Interpreting Dyno reading when it comes to different final drive ratios provide a difficult obstacle. To begin, there is a potential for disparity because the various gears each have their distinct values for inertia, produce a greater degree of friction, and modify the amount of tire sliding. All these factors contribute to the fact that there is a possibility of disparity. In most cases, and especially when using an inertia dyno, power levels will drop noticeably whenever the numerical value of the gear ratios is increased. Higher numerical loads have a greater propensity to be less efficient than lower numerical gears. The torque is multiplied whenever the gear ratio is increased, which tends to enhance the amount of tire slippage that occurs.
Because rpm and torque have an inverse relationship to horsepower calculation, changing the rear axle ratio or conducting the test in a gear other than one with a balance of one to one on the transmission should not, on the surface, have an influence on the horsepower results.
This is a point that many people fail to take into consideration. On the other hand, this does not consider the fact that the engine’s acceleration rate can change based on the gear ratios that are being utilized in the vehicle. Take, for instance, the following: On an engine dyno, the flywheel power figure (in bhp), for example, will drop if the acceleration rate of a sweep test is increased from, say, 300 revolutions per second to 600 revolutions per second.

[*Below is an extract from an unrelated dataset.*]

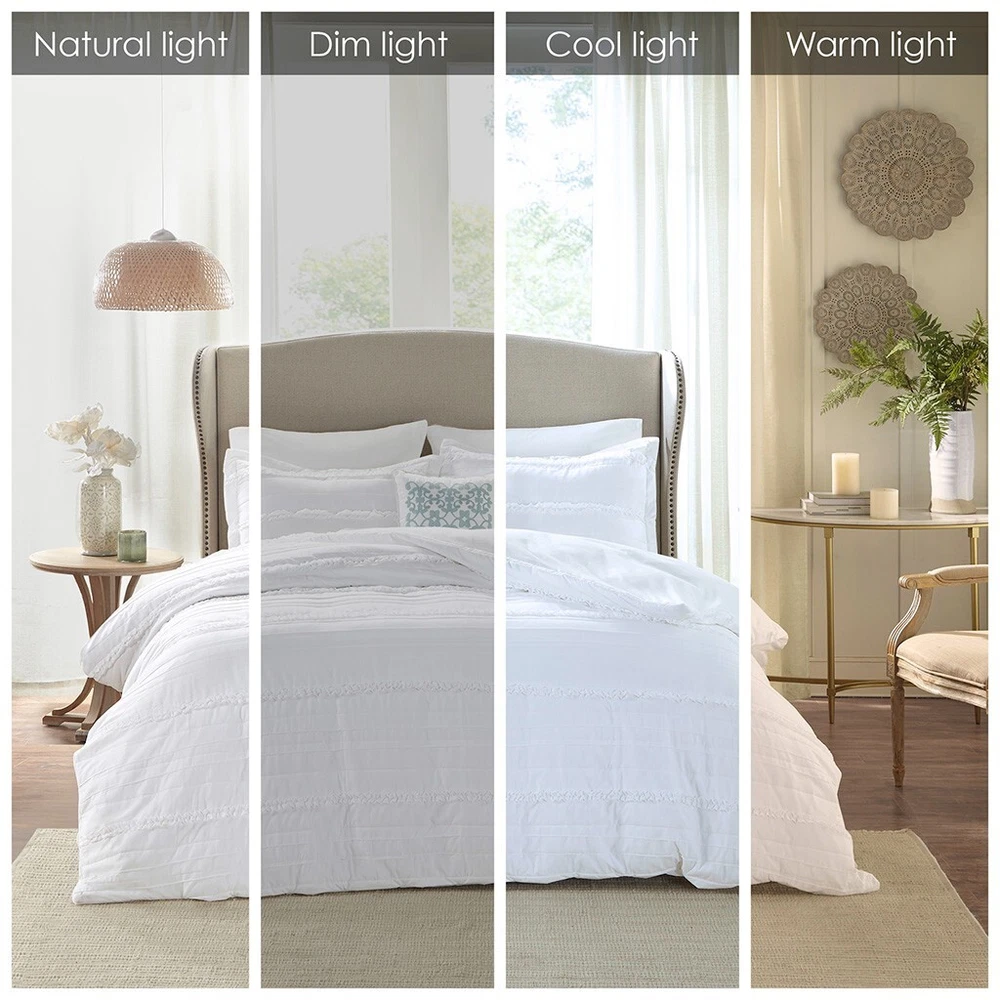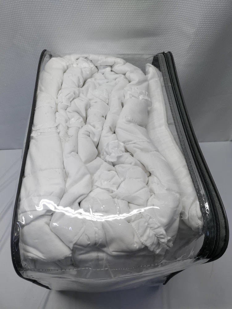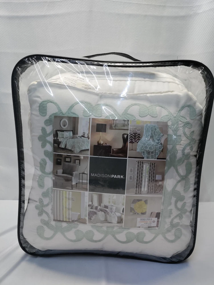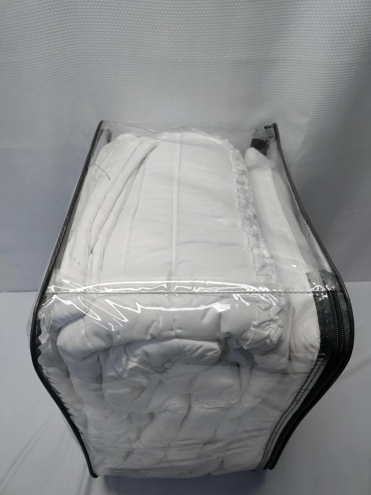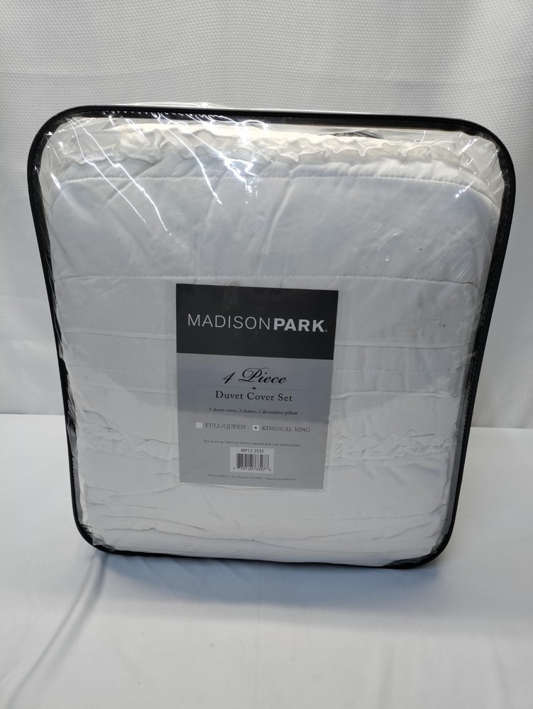 Madison Park Celeste King/Cal King 4 Piece 2-in-1 Duvet Set in White - MP12-253 Brand New In Package UPC : 675716733278 Description: Create a shabby chic look in your bedroom with the Madison Park Celeste Collection. The 2-in-1 duvet cover has a quilted top and button closure providing the option to use as a lightweight coverlet by simply buttoning up the bottom or fill with a comforter insert for a warmer option. A duvet cover is a protective cover for your comforter, most likely for your down comforter. Sometimes it’s referred to as a comforter cover. Duvet covers are not filled. It has an opening where you can insert your comforter. Filler not included. King/Cal King Size include: 1 Duvet Cover:104x92" 1 Decorative Pillow:16x16" 2 King Shams:20x36+2" Care Instruction: MACHINE WASH COLD, GENTLE CYCLE, AND SEPARATELY. DO NOT BLEACH. TUMBLE DRY LOW, REMOVE PROMPTLY, DO NOT IRON. IF THERE IS NO FREE MOVEMENT IN THE WASHER OR DRYER, USE LARGE CAPACITY COMMERCIAL WASHER/DRYER. PART OF A MAJOR RETAILER BUYOUT. PACKAGING MAY SHOW SIGNS OF SHELF WEAR HAVE MINOR DAMAGE OR BE DUSTY FROM STORAGE. ALL ITEMS ARE NEW UNLESS NOTED OTHERWISE.PLEASE SEE PICTURES FORBOX QUALITY OR PLEASE ASK FOR ADDITIONAL PHOTOS. WE WILL COMBINE SHIPPING IF YOU PURCHASE MORE THAN ONE ITEM FROM OUR STORE. ITEMS MUST BE PAID FOR IN THE SAME TRANSACTION TO SHIP TOGETHER AND BE COMBINED. S H I P P I N G & H A N D L I N G: Please note that Delivery Dates provided by eBay & the Shipping Carrier for Standard, Expedited & Overnight Shipping are only ESTIMATES, and are subject to variability. Once an item is dropped off with the Shipping Carrier, we are unable to control the speed of delivery, thus we cannot guarantee that a package will arrive on an exact date. Shipping estimates are best estimated using the guidelines provided below, as they are generated based on analysis of my extensive selling history. • For Shipping Purposes, Business Days are Monday-Friday 9am-12pm(Eastern Time) No shipments on Weekends & Holidays. • If another form of shipment is needed, (i.e –Overnight, Expedited,etc.) Buyer is Responsible U N S U C C E S S F U L SHIPPING In the case your item needs to be intercepted (I.E Incorrect Address) or the package is returned to us, due to UTF or RTS. BUYER IS RESPONSIBLE FOR SECOND SHIPMENT. You will be invoiced via PayPal ; PAYMENT IS DUE BEFORE SHIPPING OUT A 2ND TIME. O F F E R S Offers will be seen Sunday-Thursday from 9am to 6pm Eastern Standard Time Fridays from 9am - 4pm Eastern Standard Time ** EXCLUDING HOLIDAYS ** ** OFFERS WILL NOT BE SEEN / VIEWED ON SATURDAYS ** ( as we’re out of the office ) ALL Winning offers have 48 Business* hours to pay their invoices - Please see above for Hours of Business * After 48 Business hours, orders will be canceled and re-listed R E T U R N S In the case you ordered the incorrect Size, please message us prior to opening a return as we may be able to exchange for the size you need ALL Returns need to arrive in the exact condition it was shipped out in (New,Sealed,Etc.) ANY Item that has been tampered with, is subject to No Refund F E E D B A C K • We are committed to providing an easy, efficient & worry-free shopping experience and ensuring 100% customer satisfaction. • We will happily leave 5-Star Positive Feedback for our customers upon a successfully completed transaction. • Please be sure to leave us 5-Star Positive Feedback once you receive the item! If at any time during your purchasing process you feel you are not 100% satisfied, please contact us and,we will respond as soon as possible. JS Material Details: Duvet/Sham: 85gsm polyester microfiber, 180gsm 90% cotton, 10% other fiber filling, quilted, ruffle face Pillow: 100% polyester microfiber cover, polyester filling

This is something that we are aware of and expect to happen. This is due to the higher rate of acceleration that is experienced. When an engine accelerates quicker, the power required to rev the engine increases; however, a more significant percentage of that power is used up before it reaches the flywheel. Increasing the rate of acceleration during a sweep test is equivalent to increasing the number of gears in the transmission (while performing the test in a lower bag) or the number of packs in the rear end. Whether or not this results in a difference in the findings presented by a particular chassis dyno is determined by how a specific dynamo maker performs its calculations. Always perform the test in the same gear on the gearbox, which is typically 1:1, and then re-baseline the vehicle after adjusting the gear ratio on the rear axle. If you do so, you will get the most reliable results possible.